Proof for area of a circle

So I when I woke up today, I decided to learn U-sub and trig-sub integration. About 30 mins after I started, I set myself to proving the area of a circle by integration. Here's what I got.

WLOG, assume the circle's center is located at $(0,0)$

Thus the equation of the circle is $y=\sqrt{r^2-x^2}$

To find the area, we will take the indefinite integral for now.

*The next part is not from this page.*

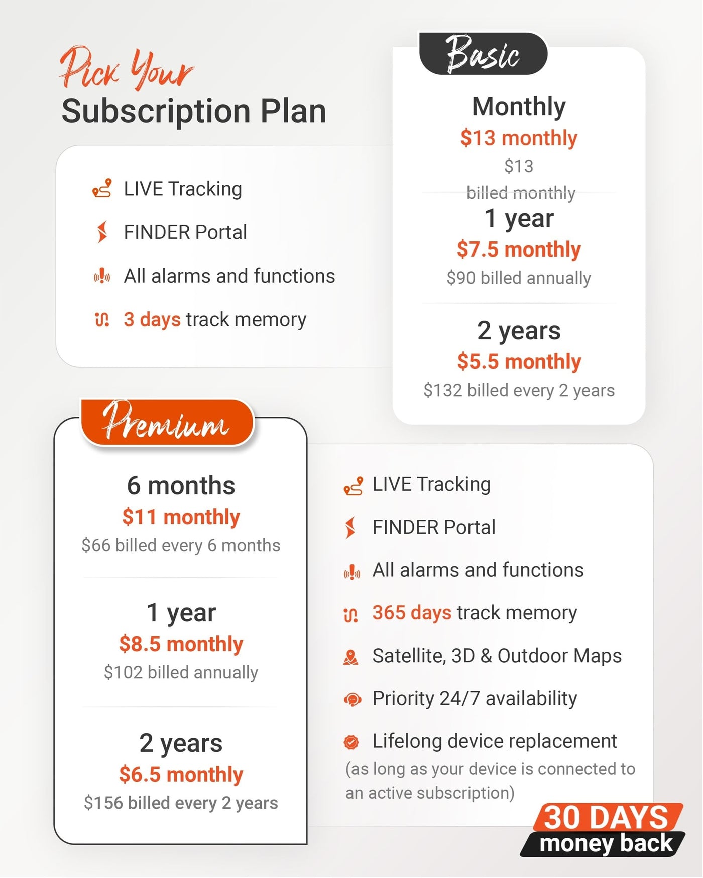 Q: What subscription plans are available for the PAJ Allround Finder 4G, and what do they include?A: The PAJ GPS tracker comes with a SIM card and offers flexible subscription plans, including Premium and Basic options. You can choose plans ranging from monthly to every two years, starting at $5.50 per month. Each plan includes device replacement and 24/7 customer support in multiple languages.

$\displaystyle \int \sqrt{r^2-x^2} \mathbb{d}x$

From here we substitute $x=r\sin(u)$. Now, we take the derivative of each side and we get

$\dfrac{dx}{du}=r\cos(u)$

$dx=r\cos(u)du$

Substituting for x and dx we have

$\displaystyle \int \sqrt{r^2-x^2}~ \mathbb{d}x=\int \sqrt{r^2-r^2\sin^2(u)} (r\cos (u)) ~du$

Focusing on the square root, we will use the identity $1-\sin^2(a)=\cos^2(a)$

$\sqrt{r^2(1-\sin^2(u))}=r\cos(u)$

Now we have

$\displaystyle \int r^2\cos^2(u)~\mathbb{d}u$

$r^2\displaystyle \int \cos^2(u)~\mathbb{d}u$

Now, to integrate $\cos^2(u)$ we must use $\cos^2(a)=\frac{\cos{2a}}{2}+\frac{1}{2}$ aka the half angle identity (Spent 15 mins trying u-sub on this step, then went to wolfram, glanced at first step to integrate $\cos^2(u)$ and slapped my self on the forehead). Now focusing on the cos part of the eq above

$r^2\displaystyle \int \frac{\cos{2u}}{2}+\frac{1}{2} ~du$

Splitting terms

$r^2\left(\displaystyle \int \frac{\cos{2u}}{2} ~du+\int \frac{1}{2} du\right)$

$r^2\left(\displaystyle \int \frac{\cos{2u}}{2}~du+\frac{u}{2}\right)$

Doing a w-sub for u

$w=2u$

$\frac{dw}{dx}=2$

$dw=2du$

Substituting back

$\displaystyle \int \frac{\cos(w)}{4}~dw+\frac{u}{2}$

$\frac{\sin(w)}{4}+\frac{u}{2}$

Re-substituting for w

$\frac{\sin(2u)}{4}+\frac{u}{2}$

Using double angle formula $\sin(2a)=2\sin(a)\cos(a)$

$\frac{\sin(2u)}{4}+\frac{u}{2}=\frac{\sin(u)\cos(u)}{2}+\frac{u}{2}$

Going back to our original eq

$r^2\displaystyle \int \cos^2(u)~\mathbb{d}u=r^2\left(\frac{\sin(u)\cos(u)}{2}+\frac{u}{2}\right)$

Now comes the slightly hard part, we must resubstitute (jeez, I've said "Resubstitute/substitute back" like 10 times already) $x=r\sin(u)$. Looking at the sin/cos half of our eq we have

$(r\sin(u))(r\cos(u))$

Using $\cos(a)=\sqrt{1-sin^2(a)}$

$\frac{1}{2}(r\sin(u))(r\sqrt{1-sin^2(u)})=\frac{1}{2}(r\sin(u))(\sqrt{r^2-r^2sin^2(u)})$

Substituting

$\frac{1}{2}(x)(\sqrt{r^2-x^2})$

We now have

$r^2\left(\frac{\sin(u)\cos(u)}{2}+\frac{u}{2}\right)=\frac{1}{2}(x)(\sqrt{r^2-x^2})+\frac{r^2u}{2}$

We can rearrange $x=r\sin(u)$ to $u=\sin^{-1}\left(\frac{x}{r}\right)$. Substituting (said it again)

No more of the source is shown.